Come gli amici che pubblicano i loro post su questo blog, non percepisco nessun compenso per questo, ho un mio lavoro, campo di altro e non ho bisogno di visibilità. Se lo facciamo è, quindi, solo per passione, e per partecipare a chi legge questi post pensieri che sui giornali con finanziamento pubblico o su testate locali che si dichiarano bipartisan, non troverebbero spazio. Sicuramente non mi vedrete mai in una lista elettorale o ricoprire un ruolo all’interno di un’istituzione. Non ne ho bisogno, non mi interessa e mi piacerebbe sapere quanti, fra quelli che ci criticano, possono dire le stessa cosa parlando di sé stessi.

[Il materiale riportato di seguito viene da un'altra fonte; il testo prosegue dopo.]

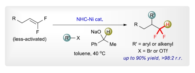 近日,新加坡國(guó)立大學(xué)Ming Joo Koh與美國(guó)德州農(nóng)工大學(xué)Osvaldo Gutierrez團(tuán)隊(duì)報(bào)道了一種鎳催化偕-二氟烯烴的1,2-選擇性氫芳基化和氫烯基化反應(yīng),合成了一系列具有二氟甲基取代碳中...

Ogni giorno, a Prato come nel resto d’Italia, molti scrivono, non solo sulle loro bacheche di Facebook o sui loro blog, ma anche sui mezzi di stampa, notizie vere o tendenziose, critiche con parole urlate, al solo scopo di apparire.
Spesso questo comportamento è motivato da forti interessi economici, dal desiderio di mettersi in mostra, o semplicemente per superare una frustrazione. Siamo in democrazia, o almeno così ci viene fatto credere, c’è libertà di stampa ed è giusto che sia così. A questo proposito mi piace ricordare, a me stesso per primo, e a chiunque decide di rendere pubblico il suo pensiero e le sue opinioni, queste parole di Indro Montanelli: “Combattete per quello in cui credete. Perderete, come le ho perse io, tutte le battaglie. Ma solo una potrete vincerne. Quella che s’ingaggia ogni mattina, davanti allo specchio”.

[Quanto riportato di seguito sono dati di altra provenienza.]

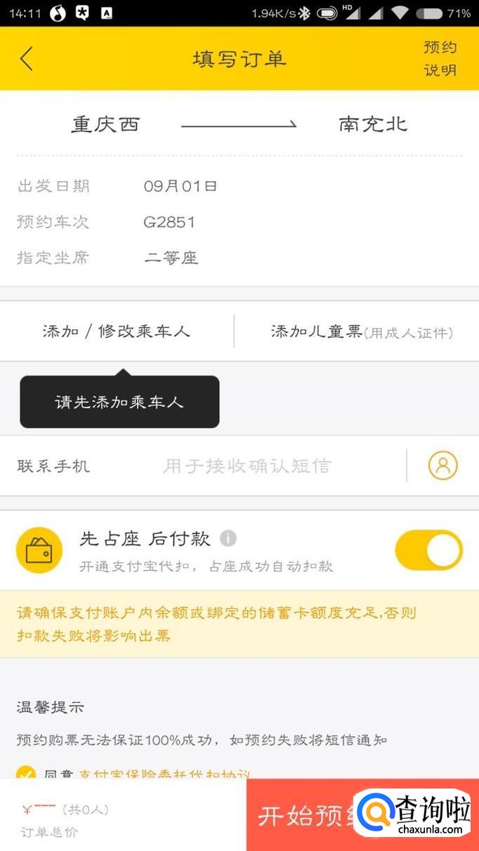 填写乘车人和接受电话,点击“开始预约”,就可以坐等飞猪抢票了,抢票成功之后不要忘记来付款哦!

Prato è la città in cui vivo, una città piena di problematiche. Fra tutte spicca quella prodotta dagli effetti di un’immigrazione rimasta per decenni fuori controllo e che oggi, nei numeri, risulta molto difficile da gestire, soprattutto in ordine a un processo di reale integrazione. A questo si aggiunge il fatto che il normale controllo delle attività produttive e commerciali, sia condotte da cittadini italiani che stranieri immigrati presenta, a Prato, per gli stessi motivi, difficoltà maggiori che altrove.
La crisi economica si fa sentire e molti cittadini sono costretti a tirare a campare come meglio possono: tutto ciò fa apprezzare ancora di più il fatto di avere un  tetto dove stare, un lavoro, anche se mal pagato, e  molte altre cose che diamo per scontate.

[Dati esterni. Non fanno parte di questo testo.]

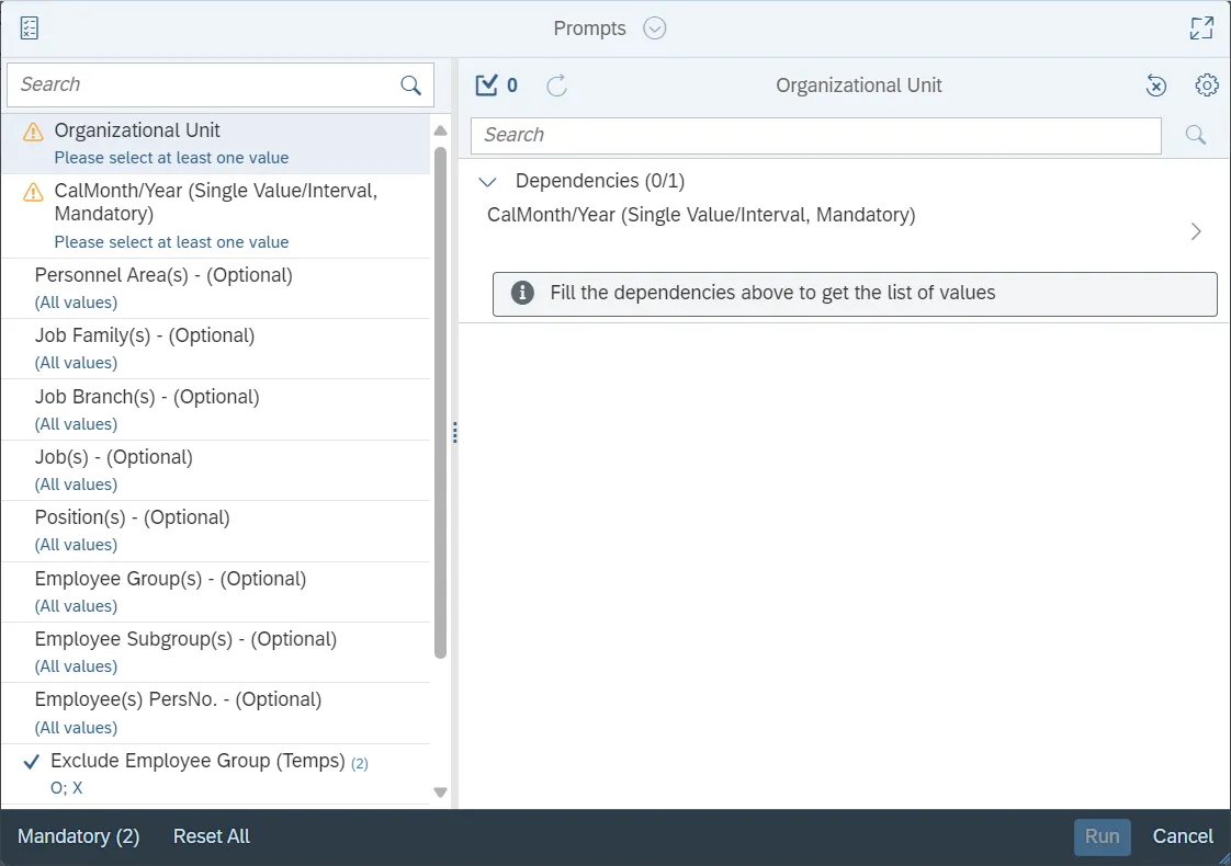 This report is generated after selecting values for the mandatory prompts. All mandatory prompts must have values selected before the Run Icon can be used to generate the report. Mandatory prompts can be identified as mandatory by the exclamation mark inside of the yellow-orange triangle, the square with the checkmark, or the display of (Mandatory). Detailed instructions for interaction with each prompt can be found on the Web Intelligence Prompt List on the OSC website.

Parlare di partecipate, di soldi pubblici come il caso del CSN, della bretella Prato-Signa fa venire qualche mal di pancia nell’attuale opposizione comunale, sia dentro che fuori il palazzo del consiglio, e non si hanno mai risposte precise. La retorica dei sofisti, in questi casi, la fa sempre da padrona portando il ragionamento su altri argomenti, che spesso vanno incontro al bisogno di risolvere i problemi personali di qualcuno.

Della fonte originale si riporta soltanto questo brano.